▶ Supplied data:
Content starts

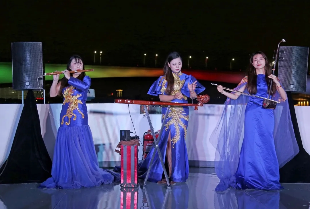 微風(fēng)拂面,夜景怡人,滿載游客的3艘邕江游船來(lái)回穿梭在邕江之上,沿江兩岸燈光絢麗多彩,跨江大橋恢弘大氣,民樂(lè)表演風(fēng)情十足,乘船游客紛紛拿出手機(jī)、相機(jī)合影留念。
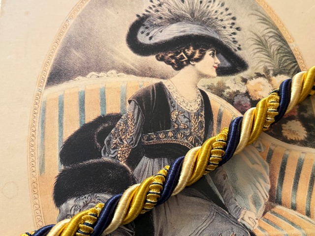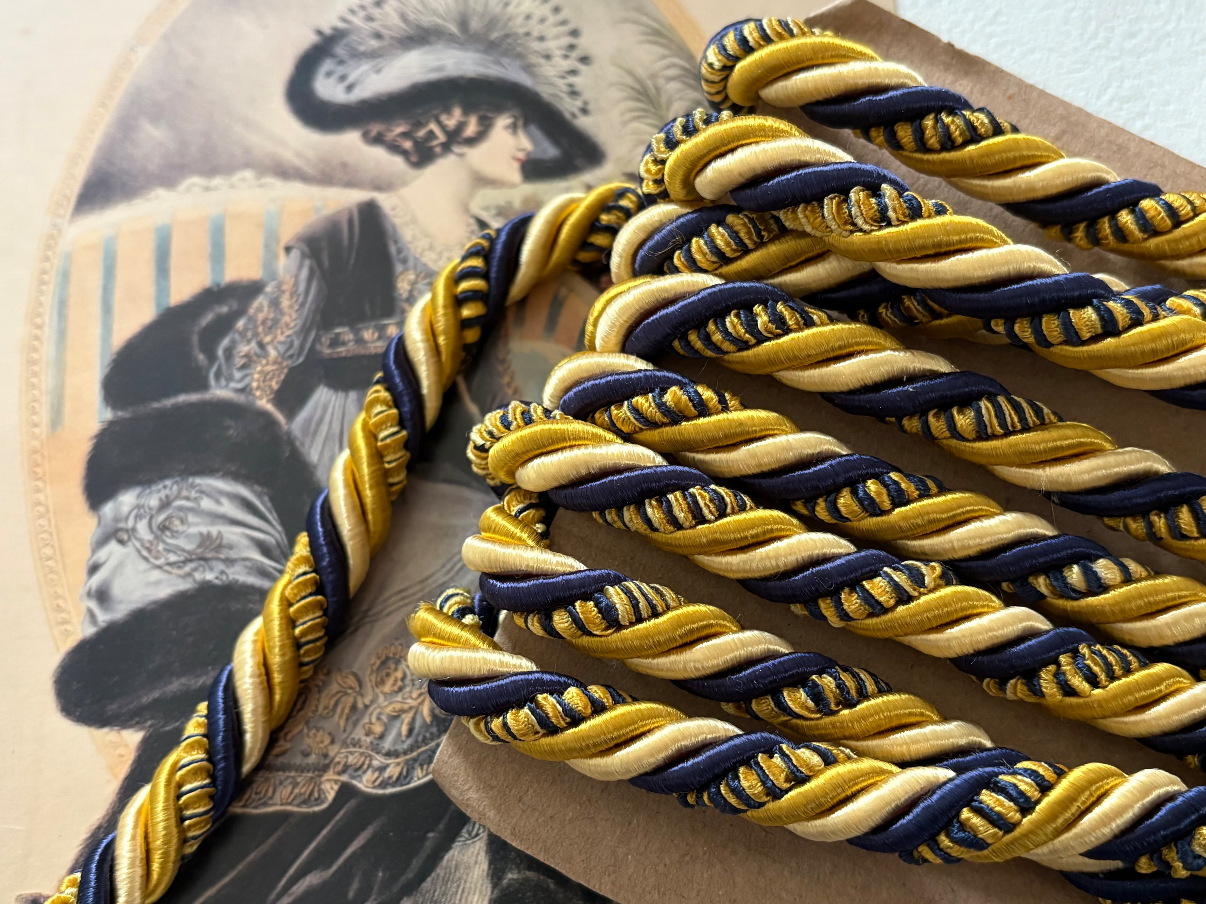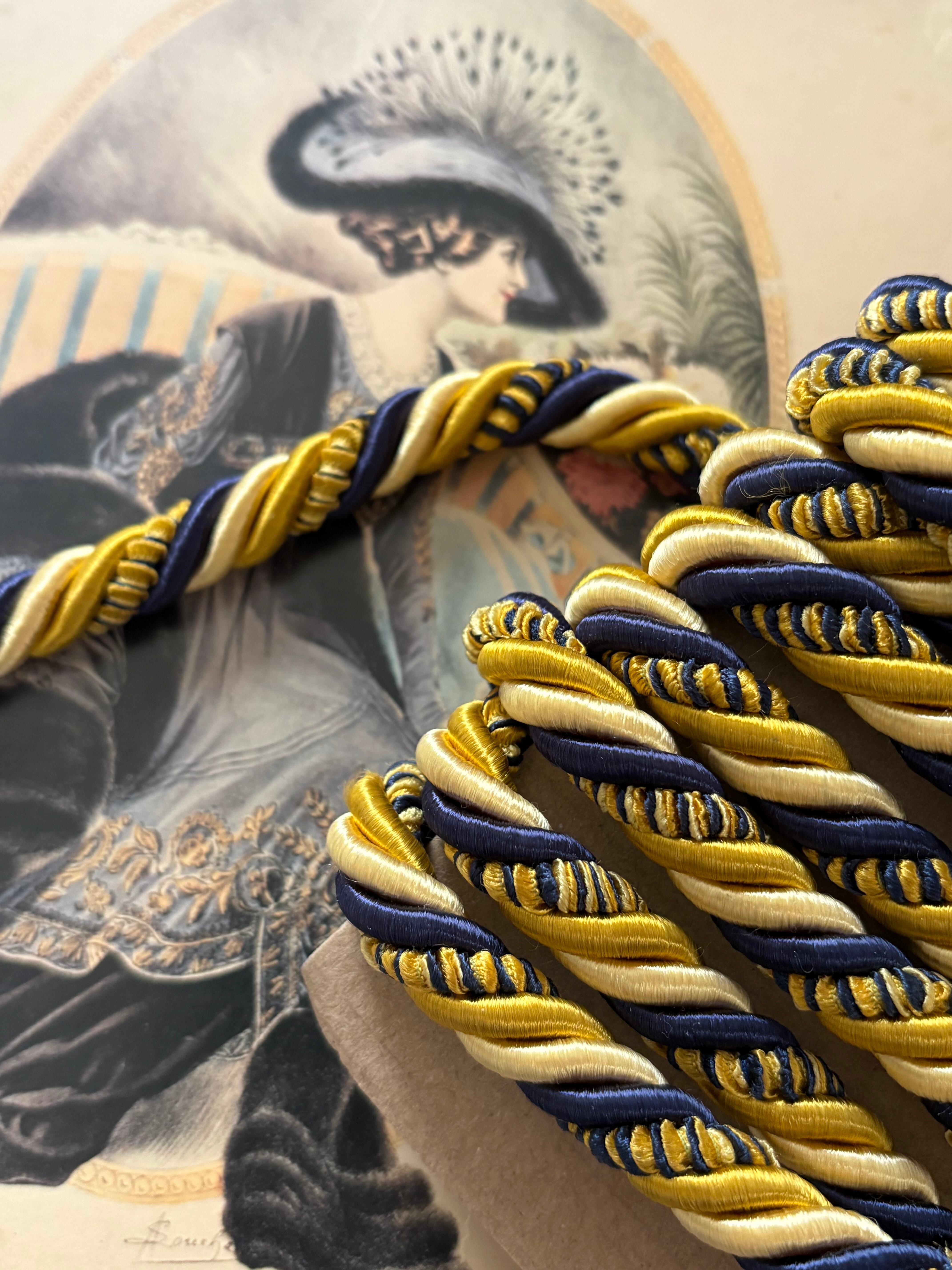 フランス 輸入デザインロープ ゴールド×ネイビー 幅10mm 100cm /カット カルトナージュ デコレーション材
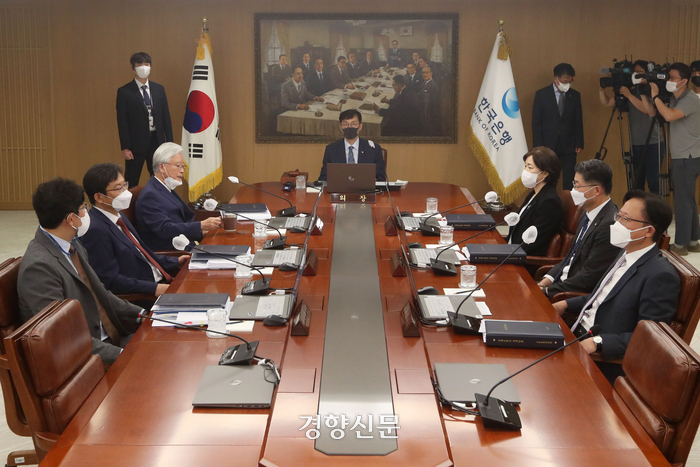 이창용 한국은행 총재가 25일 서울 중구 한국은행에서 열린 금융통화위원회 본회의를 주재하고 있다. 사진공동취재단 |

Content ends
Content starts

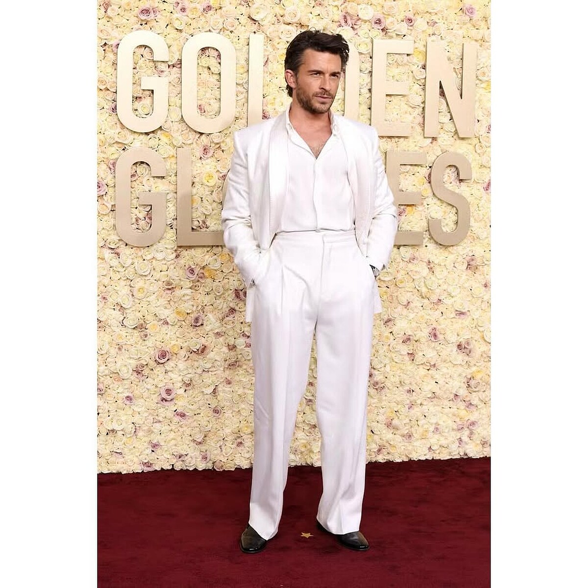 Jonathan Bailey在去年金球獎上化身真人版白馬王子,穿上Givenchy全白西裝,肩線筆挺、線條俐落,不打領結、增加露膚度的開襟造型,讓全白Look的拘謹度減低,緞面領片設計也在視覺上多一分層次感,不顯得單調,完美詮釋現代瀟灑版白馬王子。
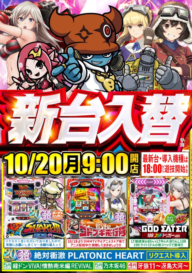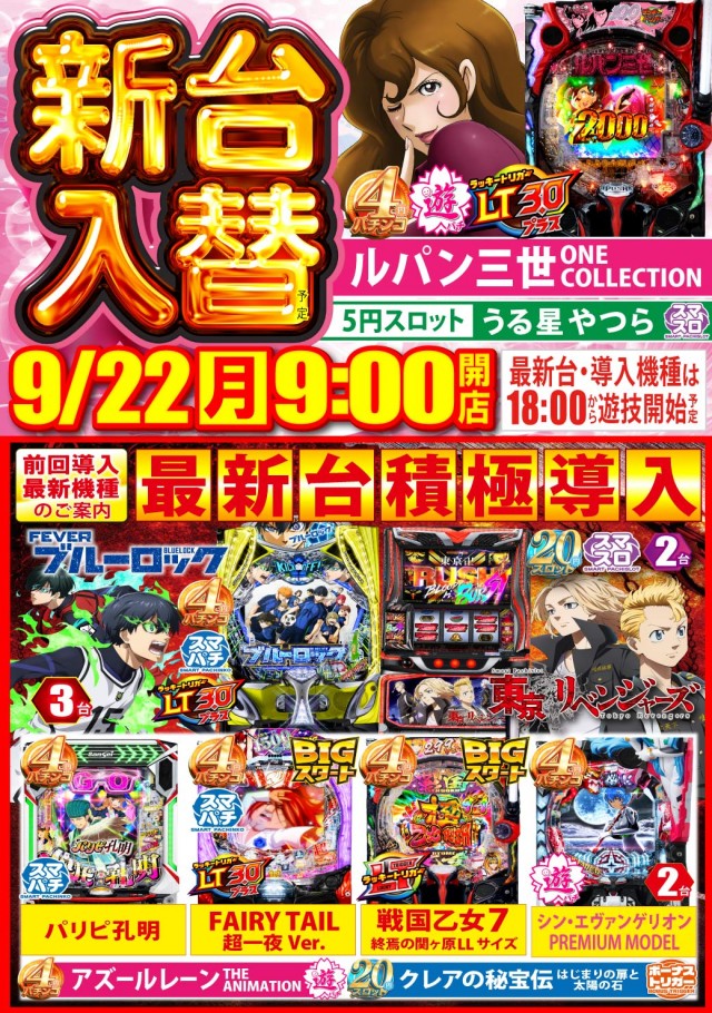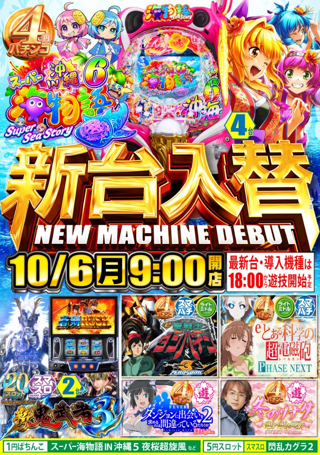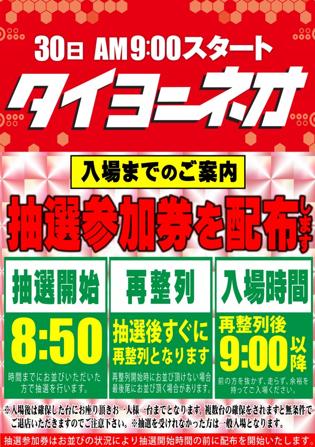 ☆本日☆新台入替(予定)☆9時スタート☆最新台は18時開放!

Content ends

▶ What is being asked: Copy the lines above exactly, starting with the line that contains "フランス 輸入デザインロープ ゴールド×ネイビー" and ending with the line that contains "이창용 한국은행 총재가", and leave out any pictures.

▶ Answer below:
 フランス 輸入デザインロープ ゴールド×ネイビー 幅10mm 100cm /カット カルトナージュ デコレーション材
 이창용 한국은행 총재가 25일 서울 중구 한국은행에서 열린 금융통화위원회 본회의를 주재하고 있다. 사진공동취재단 |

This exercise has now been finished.